[OPE-L:6569] Re: NYTimes.com Article: Scandal's Ripple Effect: Earnings Under Threat

From: Paul Cockshott (paul@cockshott.com)
Date: Wed Feb 13 2002 - 04:28:54 EST

> Andrew Smithers, who runs Smithers & Company, an economic
> consulting firm in London, offered one way to judge the
> size of off-balance-sheet debts: look at total debt in the
> financial sector, which has been rising faster in recent
> years than that of businesses and households. As recently
> as 1996, financial debt amounted to 32 percent of total
> debt in the private sector. Now it stands at 36 percent.
> Some financial debt is household obligations, like
> automobile leases, Mr.
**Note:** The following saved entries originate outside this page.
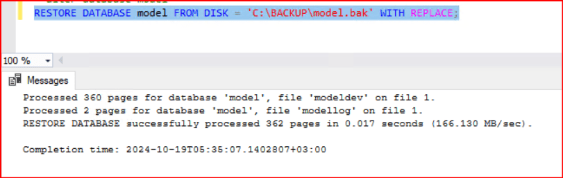 RESTORE DATABASE model FROM DISK = 'C:\BACKUP\model.bak' WITH REPLACE;
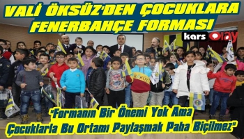Kars Olay- Kars Valisi Türker Öksüz, Aile, Çalışma ve Sosyal Hizmetler İl Müdürlüğü tarafından düzenlenen forma dağıtım etkinliğine katılarak 1907 Fenerbahçeliler Derneği tarafından gönderilen formaları çocuklara dağıttı.
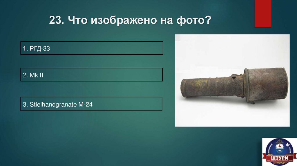 23. Что изображено на фото?1. РГД-33
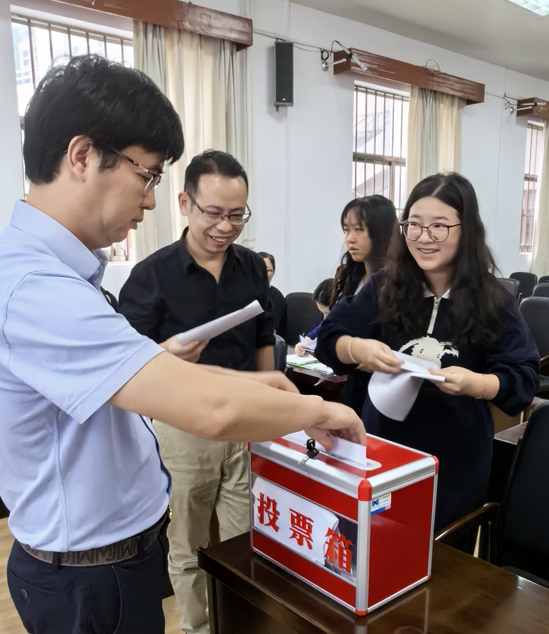 随后,大会还举行了学院分工会换届选举,选举实行差额选举,以无记名投票的方式进行。经过MissAVt 工会会员们的投票选举,陈林、樊国华、龚丽华、鞠平凡、刘佩瑶、樊露、姜棪峰等7位同志当选为MissAVt 分工会新一届委员。

Smithers said. But he thinks most of
> it represents off-balance- sheet debts of corporations.
> "U.S. companies are already highly leveraged," he said. "It
> is unlikely that they could take on balance sheet much of
> their off-balance-sheet debt without many companies being
> in breach of their debt covenants." If, for example, just
> half of all financial debt were moved onto corporate
> balance sheets, the leverage would jump to 163 percent of
> companies' net worth, based on replacement cost of assets,
> Mr. Smithers said.

If the personal, the financial and the corporate sector are
all net debtors and increasingly so, who holds the corresponding
credit balances?

Is it:

1. The state sector due to a budget surplus?

2. The overseas sector due to a trade deficit?